Unlocking the Power of NIST’s Cybersecurity Framework

Richard P. Tracy is the chief security officer of Telos Corporation.

Five years ago, it would have been a struggle to get more than 100 people to attend a cyber risk management conference.

Yet last year’s National Institute of Standards and Technology conference in Gaithersburg, Maryland, drew more than 1,000 eager attendees ready to learn about NIST’s Cybersecurity Framework (CSF). That passion to pursue strategies for cybersecurity risk management has only grown stronger in the past year.

» Get the best federal technology news and ideas delivered right to your inbox. Sign up here.

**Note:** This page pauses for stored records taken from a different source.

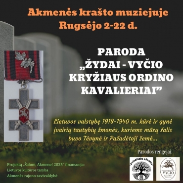 Įvairių tautybių žmonės prisidėjo kuriant Lietuvos valstybę 1918-1940 m. Gausi žydų bendruomenė dalyvavo tiek valstybės gynyboje, tiek valdyme. Nepriklausomybės atkūrimo kovose už jauną šalį kariavo žydai savanoriai, jos pamatus stiprino žydų tautybės politikai, verslininkai, gydytojai. Atskirus faktus surinkus į vieną vietą, atsiveria stulbinanti šių pastangų visuma. Ją į knygą „Pažadėtoji žemė – Lietuva“ sudėjo rašytojas, istorijos tyrinėtojas Vilius Kavaliauskas. Bendradarbiaujant su autoriumi, MB „Pelėdiškių ąžuolas“ parengė keliaujančią parodą apie aukščiausiu valstybiniu (kariniu) apdovanojimu – Vyčio kryžiumi – pagerbtus žydų tautybės asmenis.
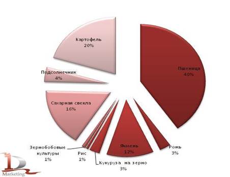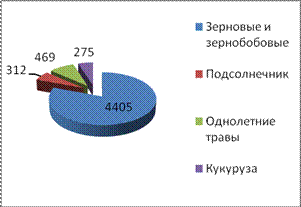 Посевная площадь распределяется по четырем группам посевов сельскохозяйственных культур:
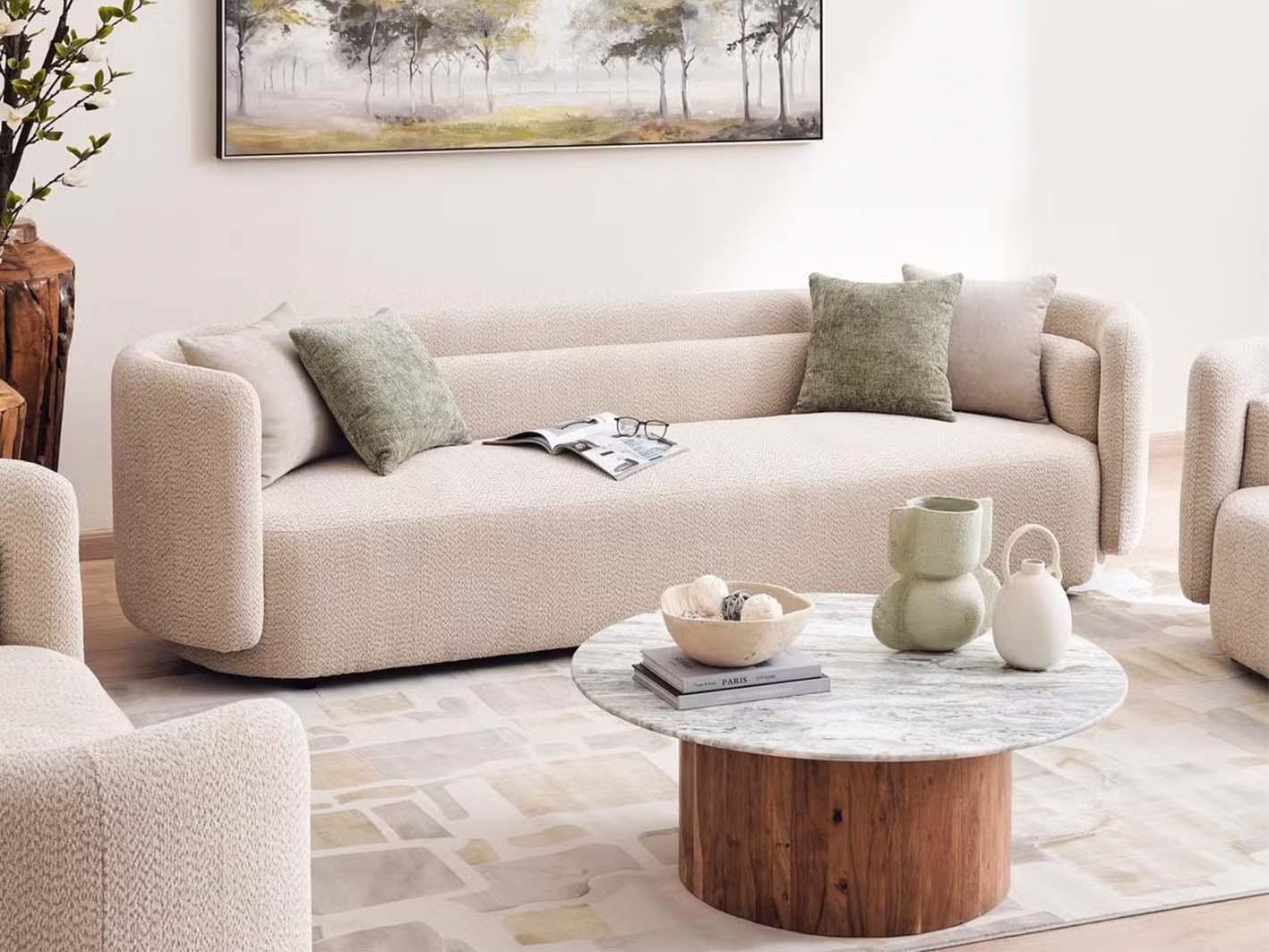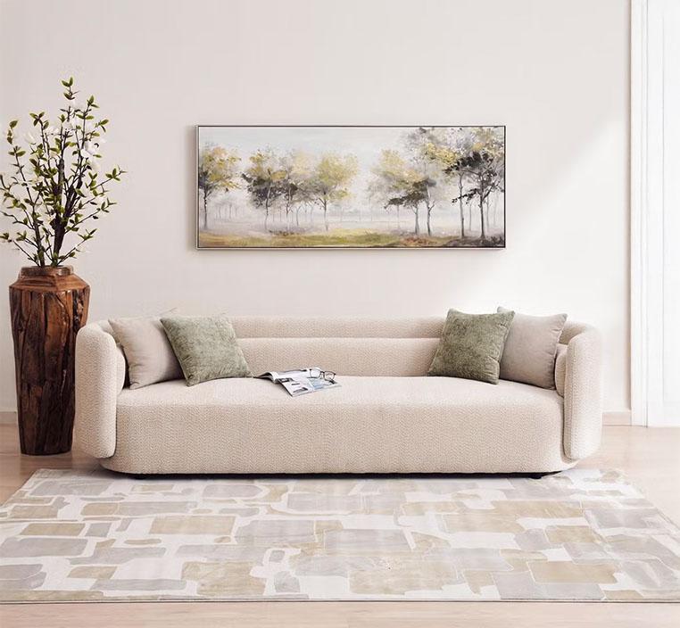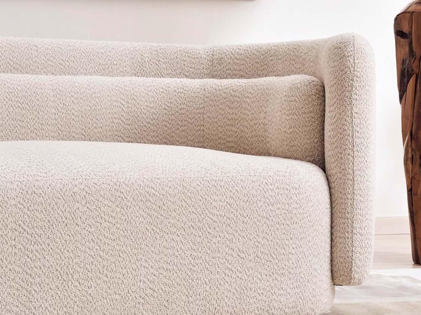 • تنجيد فاخر بقماش البوكلية الناعم: يضفي قماش البوكلية الفاخر ملمسًا ناعمًا ومظهرًا أنيقًا يتناسب مع مختلف أنماط الديكور.
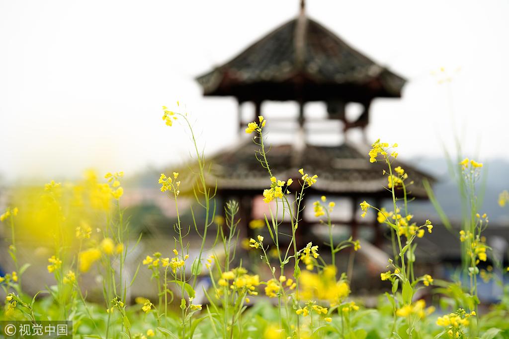 2018年12月15日,贵州黔东南,榕江县寨蒿镇三洲村侗寨外油菜花开,为冬日增添融融暖意。图为油菜花掩映中的侗寨鼓楼。 贺俊怡(贵州分社)/中新社/视觉中国
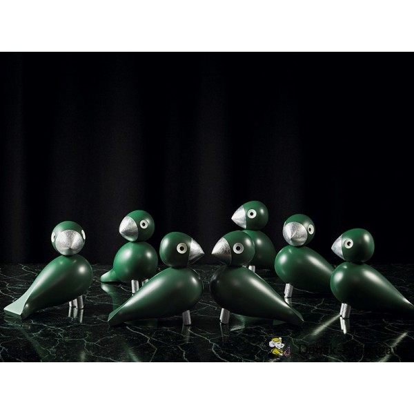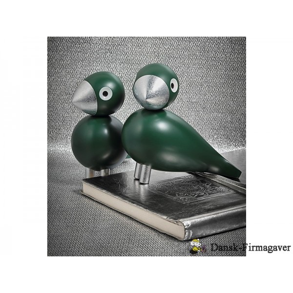 Skøn sangfugl i mørkegrøn med næb og ben beklædt i bladsølv. Sangfuglen er fra Kay Bojesen og er blevet døbt ”Sangfuglen Georg” som en hyldest til Kay Bojesen`s læretid som sølvsmed hos Georg Jensen, hvor han blev udlært i 1910. Den skønne grønne nuance og de fine detaljer i sølv er inspireret af gamle sølvsmykker fra denne tid og passer perfekt sammen med de andre sangfugle fra Kay Bojesen.

NIST developed the CSF three years ago as a set of voluntary industry standards and best practices to help critical infrastructure organizations manage cybersecurity risks. It was intended to be effective and specific in its recommendations while remaining flexible enough for all organizations to implement it.   

The CSF makes complex information about cybersecurity and risk management more accessible. It creates a common vocabulary that personnel can understand at all levels of the organization from the server room to the boardroom. 

Universal Grammar: The CSF’s Core Components

The flexibility of the NIST CSF is its strongest asset. Just as a language’s flexibility comes from its grammar, the framework’s flexibility comes from the Framework Core. Once you embrace the basic principles, you can tailor them to serve individual needs and challenges.

According to the framework document, the core’s five functions—Identify, Protect, Detect, Respond, and Recover—“are not intended to form a serial path, or lead to a static desired end state… [they] can be performed concurrently and continuously to form an operational culture that addresses the dynamic cybersecurity risk.”

In other words, the CSF isn’t linear and it’s not static; it is a living, breathing framework that is constantly evolving.

Broader Adoption Brings Greater Understanding and Greater Security

As with any standard, the more organizations embrace it, the more the community as a whole benefit.  The network effect of a broadly adopted cybersecurity standard means that more personnel across more organizations share a common point of reference when planning, evangelizing and deploying cybersecurity strategies. 

Growing adoption is a hallmark of the NIST CSF. According to Gartner, it had been adopted by about 30 percent of U.S. organizations by the second year of its release, and that number could reach 50 percent by 2020.  Private-sector organizations beyond critical infrastructure are already embracing the CSF to take advantage of its benefits.

Given its growing acceptance among public and private enterprises worldwide, it makes sense that cybersecurity professionals in the federal government are also taking notice. In fact, a recently proposed executive order would require federal agencies to use the CSF for managing cyber risk.

With this in mind, Matthew Barrett, NIST’s CSF program manager, recently announced that guidelines will be finalized within the next two months to integrate the NIST Risk Management Framework for the federal government with the NIST CSF. He stated that the goal is to “unify NIST’s risk management documents into a singular approach for federal agencies.”

Whether federal adoption is voluntary or compulsory, this initiative further extends the framework’s “universal language” to federal agencies. This will enable a broader range of security-conscious organizations to communicate effectively while making possible a common understanding of cyber risk management.

Automating While Maintaining Flexibility Helps Encourage Adoption

Automation has a critical role to play here. Emerging tools can help organizations embrace the framework without spending heavily to meet compliance requirements. This will further reduce barriers to deploying the CSF, increasing the number of “native speakers” and continuing a sea change in securing the data and infrastructure of increasingly interconnected organizations.

A workflow-enabled system allows organizations to establish and maintain a lifecycle enterprise cyber risk management process.  It also provides tools to help automate the collection of validation data needed to demonstrate achievement of security objectives and create a body of evidence that demonstrates a standard of due care. 

Fostering a Shared Point of Reference for Cyber Security and Risk Management

The NIST CSF continues to prove its value across a broad range of business sectors, soon to include the federal government.  It creates a common frame of reference in planning, deploying, and discussing cybersecurity strategies and tactics. It also enables cybersecurity personnel to communicate ideas about cybersecurity to the boardroom in order to marshal support and gain funding for critical security initiatives. 

Key to the efficient deployment of the CSF is automating as many of the processes that underlie the framework as possible.  The ability to inherit security controls, collect and manage the right data, and maintain a supporting body of evidence to prove compliance makes the CSF a powerful regimen for assuring cybersecurity and enabling IT risk management across the enterprise.